Government never considered or factored into the equation the expensive advances in medical technology and pharmaceuticals creations. How could it? It didn't exists. Today we have come to expect health care "professionals" to provide us with standard treatments: MRI/CT/EEG/EKG, prescriptions, etc. In fact, we feel underserved by doctors when we walk out their office after a cursory looks in our ears, mouth, and a few thumps or chest and knees.

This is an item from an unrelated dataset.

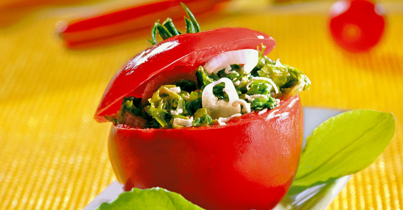 Доматите се измиват, от горната част се отрязват капачета, а вътрешността се издълбава с лъжичка.

What will be the next major improvement? I don't know. But let us suppose it is something like an ultra expensive, individualized genetic mapping or an extensive DNA splicing and regneration to correct our deficiencies. Let's assume that these future extraordinarily expensive tests cost hundreds of thousands of dollars and become the next major advance to drastically improve the quality our our health. The clambor will be for government to provide these tests to all the American's who cannot afford it . . . because, after all, every person's entitled and their health is sacrosanct. What then? Hasn't government taken a step on the slippery slope by paying for the expensive technological and pharamaceutical advances that happened AFTER the implementation of Medicare entitlements?

Dr. Wallace provides some good prescriptions. But, I disagree in his assessment that the solution prescription to the problem of government failure is, more government intervention, regulation, and control!?

Really? That's like a guy with a broken leg complaining about pain and the solution is a prescription filled with pain killers. The guy still has the original problem . . . a broken leg. But know the patient is hooked on pain killers, sleeps most of the day, and lost his job and now entirely depends on government for everything.

The doctor started to make sense when he asserts that going to a health care professional doesn't make one healthy. That there are some factors beyond a doctors capacity to treat and other factors that are a patient's responsibility to address. But to assume that the solution is more government . . . perhaps we should get a second opinion on that score.